Indonesia is making trade concessions to the US while tightening its grip on the commodities the global [energy transition depends on](https://www.sovereignmagazine.com/article/battery-wars-battle-for-dominance-in-sustainable-energy-storage-heats-up). The pattern is not unique to Jakarta. When the rules of the trading order are being rewritten by the largest economies, resource-rich nations with leverage (whether in nickel, rare earths or energy) have limited incentive to honour frameworks that are no longer being funded or enforced by the powers that designed them. Indonesia generates more than half its electricity from coal and controls the majority of the world’s nickel supply. It is not going to give either away on terms it did not set.

## Further Context

**Q: Why did Indonesia ban nickel ore exports?**
Indonesia banned raw nickel ore exports in 2020 to force investment in domestic processing rather than shipping unrefined material abroad. The policy built on a similar 2014 ban that successfully attracted Chinese investment in nickel pig iron and ferronickel smelters for stainless steel production. The 2020 version targets a higher-value goal: positioning Indonesia as a hub for battery-grade nickel used in electric vehicles. Indonesia holds roughly 22 per cent of the world’s nickel reserves. The strategy has worked to the extent that its share of global nickel supply has nearly doubled since 2020, though critics argue the environmental costs of rapid smelter expansion have been severe.
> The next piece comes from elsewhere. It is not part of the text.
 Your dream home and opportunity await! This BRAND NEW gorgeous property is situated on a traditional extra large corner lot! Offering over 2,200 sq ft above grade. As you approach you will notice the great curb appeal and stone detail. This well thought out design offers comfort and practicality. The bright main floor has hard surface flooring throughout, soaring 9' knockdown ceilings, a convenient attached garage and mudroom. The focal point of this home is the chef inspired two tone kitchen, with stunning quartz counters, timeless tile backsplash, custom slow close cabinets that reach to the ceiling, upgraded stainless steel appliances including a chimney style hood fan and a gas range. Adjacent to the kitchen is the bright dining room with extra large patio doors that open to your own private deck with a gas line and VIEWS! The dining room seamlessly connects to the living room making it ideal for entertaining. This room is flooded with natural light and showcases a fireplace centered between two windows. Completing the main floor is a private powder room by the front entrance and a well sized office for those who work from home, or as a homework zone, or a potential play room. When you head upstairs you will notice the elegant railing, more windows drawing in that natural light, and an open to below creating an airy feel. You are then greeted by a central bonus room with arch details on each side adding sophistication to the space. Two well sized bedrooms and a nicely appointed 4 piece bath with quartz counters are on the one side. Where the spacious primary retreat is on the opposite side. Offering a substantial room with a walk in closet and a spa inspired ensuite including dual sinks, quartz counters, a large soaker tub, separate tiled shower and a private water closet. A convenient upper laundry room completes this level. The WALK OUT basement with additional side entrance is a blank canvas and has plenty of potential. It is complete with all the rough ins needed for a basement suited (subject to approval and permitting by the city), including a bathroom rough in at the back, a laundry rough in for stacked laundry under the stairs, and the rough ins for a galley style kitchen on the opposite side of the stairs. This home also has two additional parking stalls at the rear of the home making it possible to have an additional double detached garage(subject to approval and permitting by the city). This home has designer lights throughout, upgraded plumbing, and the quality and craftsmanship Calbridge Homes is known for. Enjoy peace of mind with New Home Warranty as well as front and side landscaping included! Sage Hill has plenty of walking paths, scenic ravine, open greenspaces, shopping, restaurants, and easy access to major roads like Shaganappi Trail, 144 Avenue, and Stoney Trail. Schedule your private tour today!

**Q: What is the Just Energy Transition Partnership?**
The JETP is a financing agreement launched at the 2022 G20 summit in Bali, committing $20 billion in public and private funding to help Indonesia transition away from coal. The partnership was originally co-led by the United States and Japan, with contributions from the EU, Canada, Germany, France and others. Its targets include capping power sector emissions at 290 MtCO2 by 2030 and reaching 34 per cent renewable electricity by the same year. Progress has been slow: of $21.8 billion pledged, only $3.4 billion has been made accessible, and much of the funding has been offered as market-rate loans rather than grants.
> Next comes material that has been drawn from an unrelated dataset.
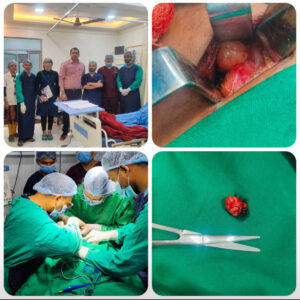 The patient underwent Minimal Invasive Parathyroidectomy (MIP) with 2.5 cm incision. Intraoperative USG done for localisation. Intraoperative frozen section confirmation done. Intraoperative blood samples sent for PTH levels at 5 minutes and 15 minutes which showed fallen values of 93.9 and 51.9 respectively from preoperative values of 326. Post operative patient parathyroid level back to normal level.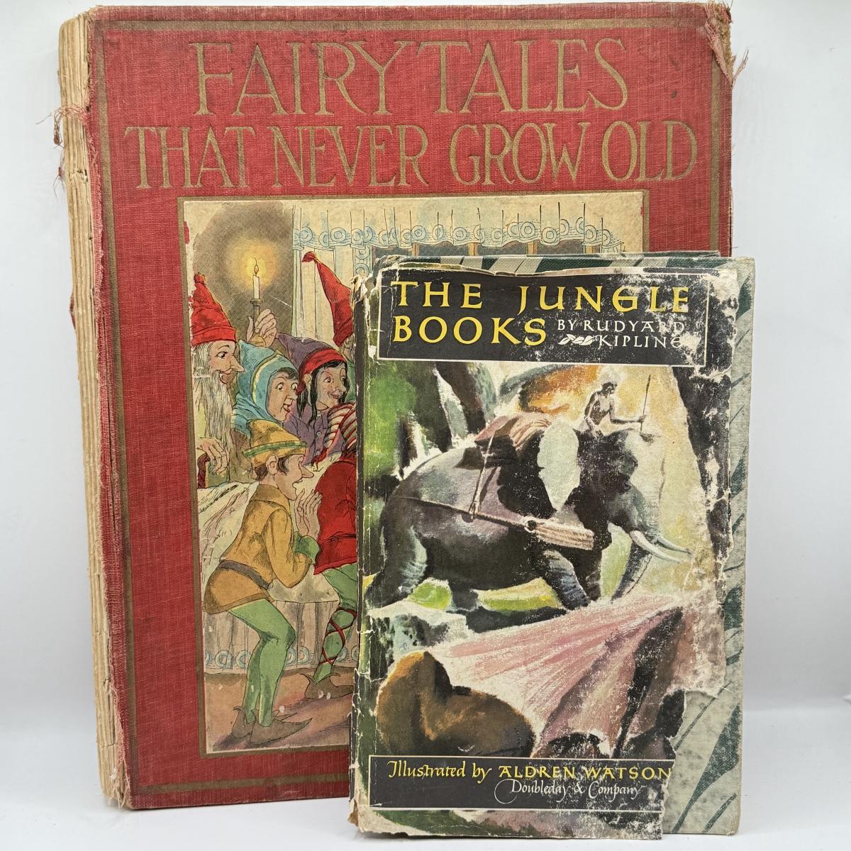 LOT 3L: 1923 Fairy Tales That Never Grow Old Bright Colorful Illustrations Watty Piper/The Jungle Books Volume I by Rudyard Kipling HC/DJ 1948

**Q: How does Indonesia’s nickel policy affect EV supply chains?**
Indonesia’s dominance in nickel means its production decisions directly affect the cost and availability of battery materials globally. The country processes laterite ore into battery-grade nickel using high-pressure acid leaching, a method essential for EV battery cathodes. The 2026 quota cut reduces available ore by roughly 120 million tonnes, creating tighter supply for both domestic smelters and international buyers. The global nickel market was already in surplus (estimated at 261 million tonnes for 2026), so the cut functions as a price-support mechanism. For EV manufacturers, it adds another variable to an already fragmented supply chain increasingly shaped by national industrial policy rather than open market pricing.